_WORK INSTRUCTION_. Images are to be dropped, and the rest of the data reproduced exactly.

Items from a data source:
"""
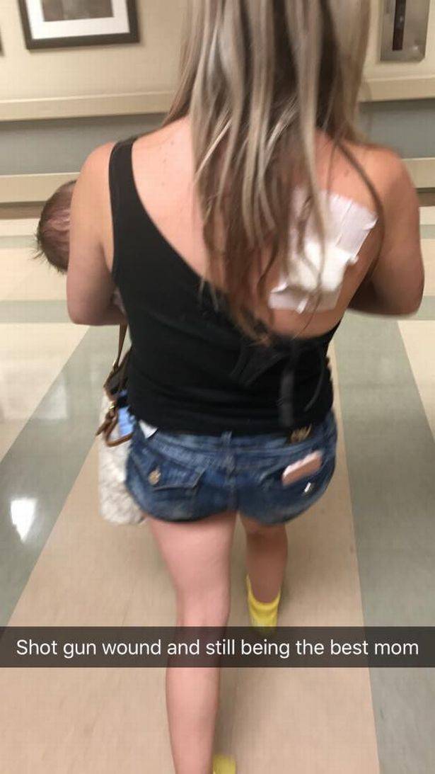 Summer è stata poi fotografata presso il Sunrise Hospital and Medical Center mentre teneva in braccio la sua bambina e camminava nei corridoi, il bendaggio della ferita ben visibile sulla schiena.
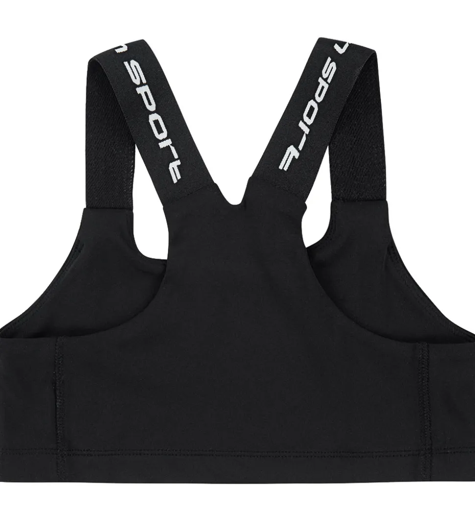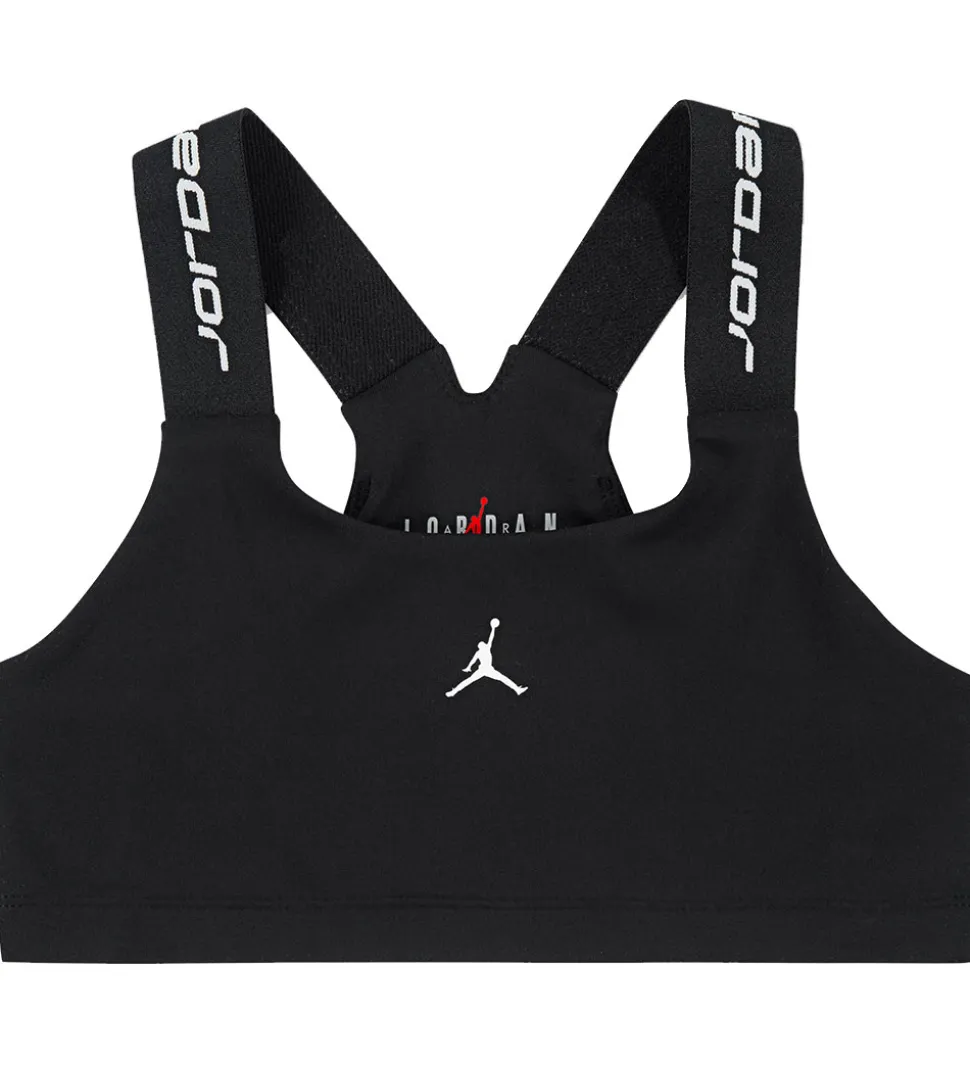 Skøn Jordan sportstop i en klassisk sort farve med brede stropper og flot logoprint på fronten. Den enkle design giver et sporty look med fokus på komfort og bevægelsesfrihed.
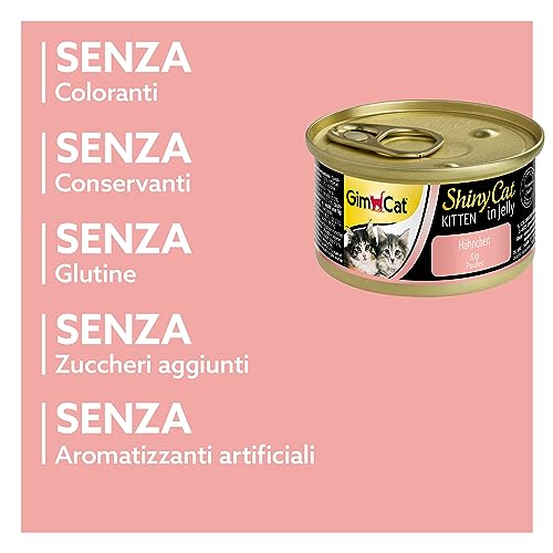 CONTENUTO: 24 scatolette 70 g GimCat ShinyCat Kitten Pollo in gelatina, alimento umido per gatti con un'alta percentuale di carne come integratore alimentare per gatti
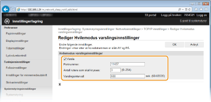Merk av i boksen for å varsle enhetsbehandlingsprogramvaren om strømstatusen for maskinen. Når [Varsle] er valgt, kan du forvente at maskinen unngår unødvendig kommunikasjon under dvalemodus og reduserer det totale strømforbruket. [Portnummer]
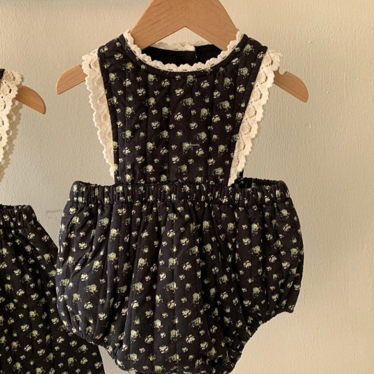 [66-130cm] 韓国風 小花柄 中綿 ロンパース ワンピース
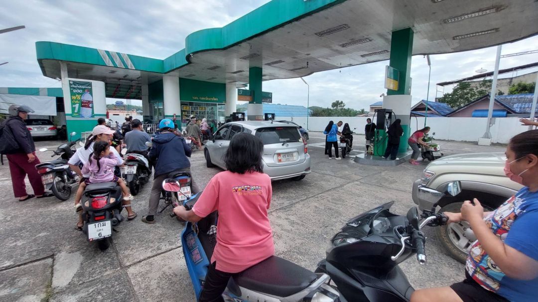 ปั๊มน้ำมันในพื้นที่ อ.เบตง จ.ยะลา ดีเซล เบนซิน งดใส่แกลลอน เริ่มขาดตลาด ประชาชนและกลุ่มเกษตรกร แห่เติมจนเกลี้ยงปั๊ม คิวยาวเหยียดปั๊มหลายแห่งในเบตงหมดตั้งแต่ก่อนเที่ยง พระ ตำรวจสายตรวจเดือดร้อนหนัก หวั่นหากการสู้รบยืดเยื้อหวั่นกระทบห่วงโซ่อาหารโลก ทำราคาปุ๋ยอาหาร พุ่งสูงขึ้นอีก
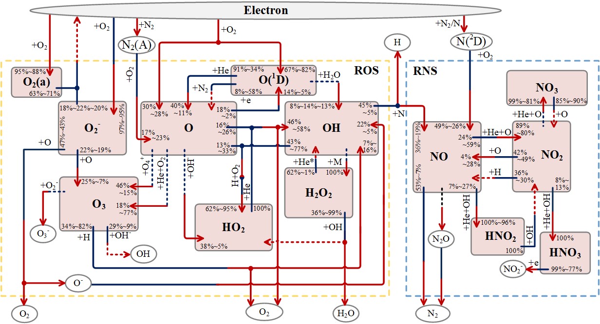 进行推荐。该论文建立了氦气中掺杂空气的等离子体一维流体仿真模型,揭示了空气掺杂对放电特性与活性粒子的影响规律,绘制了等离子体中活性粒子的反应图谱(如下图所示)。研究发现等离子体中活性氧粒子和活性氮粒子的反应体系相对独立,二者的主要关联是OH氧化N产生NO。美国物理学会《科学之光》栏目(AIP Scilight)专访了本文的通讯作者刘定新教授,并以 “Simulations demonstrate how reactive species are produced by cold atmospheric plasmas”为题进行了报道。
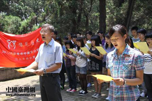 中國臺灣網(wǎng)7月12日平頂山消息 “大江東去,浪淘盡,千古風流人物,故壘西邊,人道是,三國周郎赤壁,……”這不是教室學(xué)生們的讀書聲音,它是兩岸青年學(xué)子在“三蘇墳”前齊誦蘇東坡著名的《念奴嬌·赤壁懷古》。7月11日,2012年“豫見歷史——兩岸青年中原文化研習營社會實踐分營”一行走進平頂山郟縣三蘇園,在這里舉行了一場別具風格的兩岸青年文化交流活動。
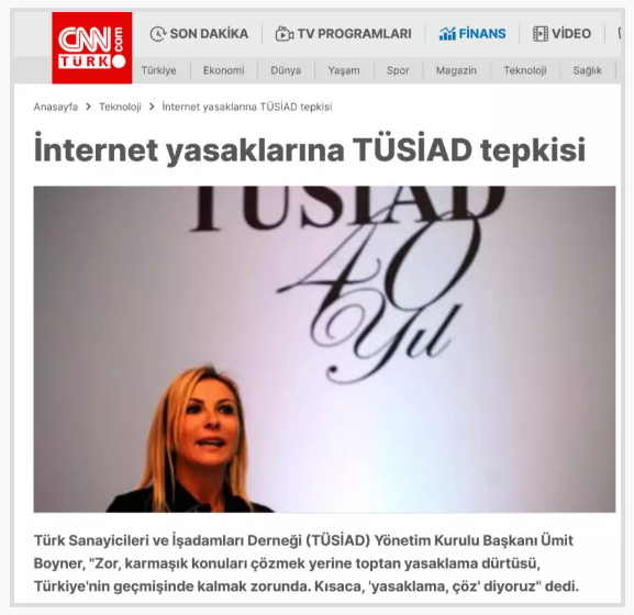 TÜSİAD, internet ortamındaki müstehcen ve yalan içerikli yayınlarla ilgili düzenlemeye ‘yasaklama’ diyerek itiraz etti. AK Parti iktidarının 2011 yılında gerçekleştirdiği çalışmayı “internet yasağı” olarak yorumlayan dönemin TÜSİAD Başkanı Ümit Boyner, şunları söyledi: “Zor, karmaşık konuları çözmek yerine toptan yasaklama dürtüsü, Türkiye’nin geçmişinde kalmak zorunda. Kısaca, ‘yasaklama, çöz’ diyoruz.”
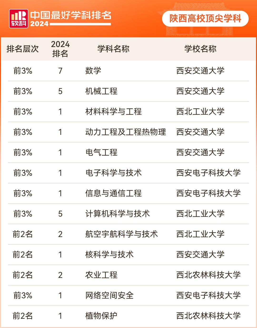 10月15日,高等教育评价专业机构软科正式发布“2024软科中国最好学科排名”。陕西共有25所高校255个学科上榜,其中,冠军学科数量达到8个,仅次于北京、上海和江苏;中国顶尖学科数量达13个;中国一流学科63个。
"""
_EXPECTED ANSWER_.
 Summer è stata poi fotografata presso il Sunrise Hospital and Medical Center mentre teneva in braccio la sua bambina e camminava nei corridoi, il bendaggio della ferita ben visibile sulla schiena.
 Skøn Jordan sportstop i en klassisk sort farve med brede stropper og flot logoprint på fronten. Den enkle design giver et sporty look med fokus på komfort og bevægelsesfrihed.
 CONTENUTO: 24 scatolette 70 g GimCat ShinyCat Kitten Pollo in gelatina, alimento umido per gatti con un'alta percentuale di carne come integratore alimentare per gatti
Merk av i boksen for å varsle enhetsbehandlingsprogramvaren om strømstatusen for maskinen. Når [Varsle] er valgt, kan du forvente at maskinen unngår unødvendig kommunikasjon under dvalemodus og reduserer det totale strømforbruket. [Portnummer]
 [66-130cm] 韓国風 小花柄 中綿 ロンパース ワンピース
 ปั๊มน้ำมันในพื้นที่ อ.เบตง จ.ยะลา ดีเซล เบนซิน งดใส่แกลลอน เริ่มขาดตลาด ประชาชนและกลุ่มเกษตรกร แห่เติมจนเกลี้ยงปั๊ม คิวยาวเหยียดปั๊มหลายแห่งในเบตงหมดตั้งแต่ก่อนเที่ยง พระ ตำรวจสายตรวจเดือดร้อนหนัก หวั่นหากการสู้รบยืดเยื้อหวั่นกระทบห่วงโซ่อาหารโลก ทำราคาปุ๋ยอาหาร พุ่งสูงขึ้นอีก
 进行推荐。该论文建立了氦气中掺杂空气的等离子体一维流体仿真模型,揭示了空气掺杂对放电特性与活性粒子的影响规律,绘制了等离子体中活性粒子的反应图谱(如下图所示)。研究发现等离子体中活性氧粒子和活性氮粒子的反应体系相对独立,二者的主要关联是OH氧化N产生NO。美国物理学会《科学之光》栏目(AIP Scilight)专访了本文的通讯作者刘定新教授,并以 “Simulations demonstrate how reactive species are produced by cold atmospheric plasmas”为题进行了报道。
 中國臺灣網(wǎng)7月12日平頂山消息 “大江東去,浪淘盡,千古風流人物,故壘西邊,人道是,三國周郎赤壁,……”這不是教室學(xué)生們的讀書聲音,它是兩岸青年學(xué)子在“三蘇墳”前齊誦蘇東坡著名的《念奴嬌·赤壁懷古》。7月11日,2012年“豫見歷史——兩岸青年中原文化研習營社會實踐分營”一行走進平頂山郟縣三蘇園,在這里舉行了一場別具風格的兩岸青年文化交流活動。
 TÜSİAD, internet ortamındaki müstehcen ve yalan içerikli yayınlarla ilgili düzenlemeye ‘yasaklama’ diyerek itiraz etti. AK Parti iktidarının 2011 yılında gerçekleştirdiği çalışmayı “internet yasağı” olarak yorumlayan dönemin TÜSİAD Başkanı Ümit Boyner, şunları söyledi: “Zor, karmaşık konuları çözmek yerine toptan yasaklama dürtüsü, Türkiye’nin geçmişinde kalmak zorunda. Kısaca, ‘yasaklama, çöz’ diyoruz.”
 10月15日,高等教育评价专业机构软科正式发布“2024软科中国最好学科排名”。陕西共有25所高校255个学科上榜,其中,冠军学科数量达到8个,仅次于北京、上海和江苏;中国顶尖学科数量达13个;中国一流学科63个。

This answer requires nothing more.